The primary objective of this study is locoregional disease control.

Preliminary results, reported in abstract form at the 2011 American Society of Clinical Oncology annual meeting, demonstrated that there was no significant difference in the rates of pCR, sphincter-sparing surgery, or surgical downstaging between the 5-FU and capecitabine regimens or between the regimens with and without oxaliplatin. However, similar to the other studies, patients treated with oxaliplatin had significantly higher rates of grade 3 and 4 acute toxicity (15.4% vs. 6.6%, P < .001).[38][Level of evidence: 1iiD]
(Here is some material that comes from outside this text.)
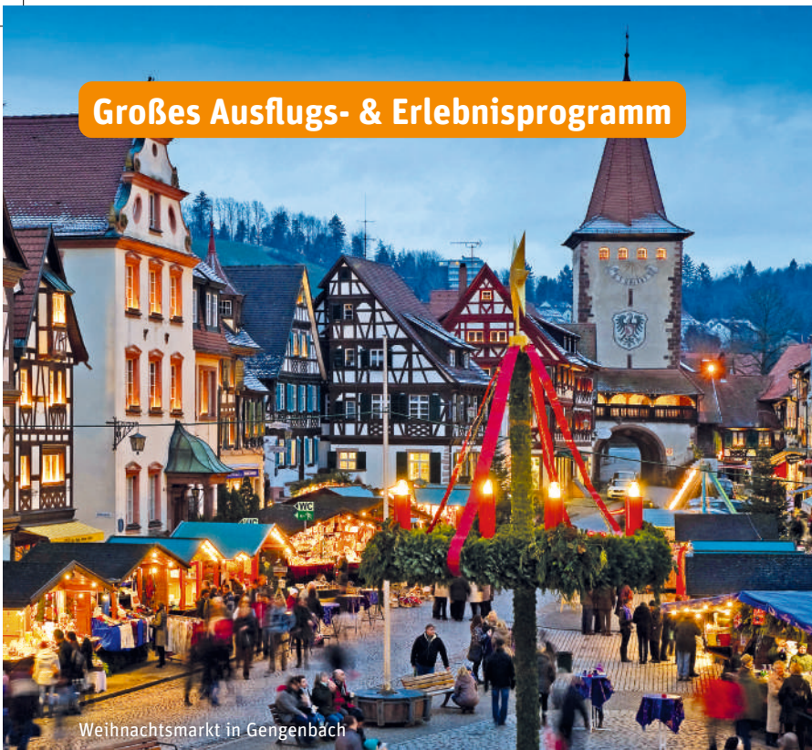
Weihnachtsmarkt in Gengenbach

The German CAO/ARO/AIO-04 trial randomly assigned 1,236 patients with clinically staged T3 to T4 or clinical node-positive adenocarcinoma within 12 cm from the anal verge to receive either concurrent chemoradiation with 5-FU (week 1 and week 5) or concurrent chemoradiation with 5-FU daily (250 mg/m2) and oxaliplatin (50 mg/m2).[39] In contrast to the previous studies, a significantly higher rate of pCR was achieved in patients who received oxaliplatin (17% vs. 13%, P = .038). There was no significant difference in rates of overall grades 3 and 4 toxicity, however, diarrhea and nausea and vomiting were more common among those treated with oxaliplatin. The 5-FU schedules in this study differed between the two arms, which may have contributed to the difference in outcomes noted. Longer follow-up will be necessary to determine the effect on the primary endpoint of the study, DFS.[39][Level of evidence: 1iiD]

Treatment Toxicity

The acute side effects of pelvic radiation therapy for rectal cancer are mainly the result of gastrointestinal toxicity, are self-limiting, and usually resolve within 4 to 6 weeks of completing treatment. Of greater concern is the potential for late morbidity following rectal cancer treatment. Patients who undergo aggressive surgical procedures for rectal cancer can have chronic symptoms, particularly if there is impairment of the anal sphincter.[40] Patients treated with adjuvant radiation therapy appear to have increased chronic bowel dysfunction, anorectal sphincter dysfunction (if the sphincter was surgically preserved), and sexual dysfunction than those who undergo surgical resection alone.[41,42,43,44,45,46,47]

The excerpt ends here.